*** Opening PROVIDED MATERIAL ***

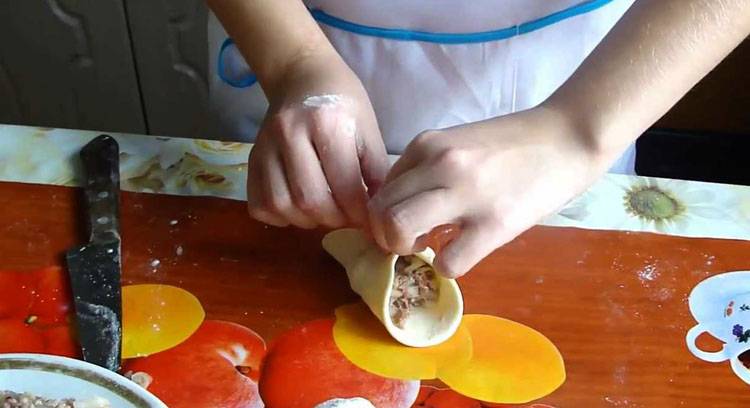 Тесто разделить на небольшие кусочки, из которых раскатываются плоские кружочки. На середину каждого кружка уложить немного фарша, приподнять края кружочка вверх и при помощи складок сформировать мешочек, верх которого закручивается вокруг своей оси и оканчивается небольшим хвостиком.
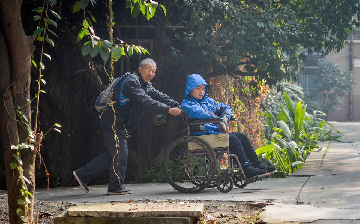 考上大学后,爷爷和父亲就跟来成都,一家人租住在学校北苑的家属区里。每天,贺学鹰用轮椅推着孙子,经过艺术学院的大楼,再走上几百米,到达教学楼。贺学鹰把孙子背上身,一步一步踏上楼梯。每走一步,老人都会轻声喘口气。
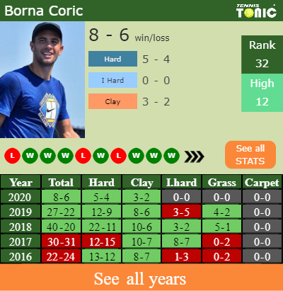 Borna has a 8-6 win-loss record in 2020, 5-4 on hard (See FULL STATS).
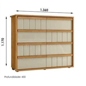 Diferenciais do produto: Acabamento padrão Madetec 100% MDF, Moldura envoltória de 25mm, Gavetas com ripado angular, 8 Gavetas com corrediças telescópicas, Puxadores em MDF estilo cava, Moldura envoltória e tampo de 25mm, Largura de 1,36m.

*** Closing PROVIDED MATERIAL ***

• **INSTRUCTIONS FOR THE TASK**
Drop the images and copy all the data exactly.

• **WORKED SOLUTION**
 Тесто разделить на небольшие кусочки, из которых раскатываются плоские кружочки. На середину каждого кружка уложить немного фарша, приподнять края кружочка вверх и при помощи складок сформировать мешочек, верх которого закручивается вокруг своей оси и оканчивается небольшим хвостиком.
 考上大学后,爷爷和父亲就跟来成都,一家人租住在学校北苑的家属区里。每天,贺学鹰用轮椅推着孙子,经过艺术学院的大楼,再走上几百米,到达教学楼。贺学鹰把孙子背上身,一步一步踏上楼梯。每走一步,老人都会轻声喘口气。
 Borna has a 8-6 win-loss record in 2020, 5-4 on hard (See FULL STATS).
 Diferenciais do produto: Acabamento padrão Madetec 100% MDF, Moldura envoltória de 25mm, Gavetas com ripado angular, 8 Gavetas com corrediças telescópicas, Puxadores em MDF estilo cava, Moldura envoltória e tampo de 25mm, Largura de 1,36m.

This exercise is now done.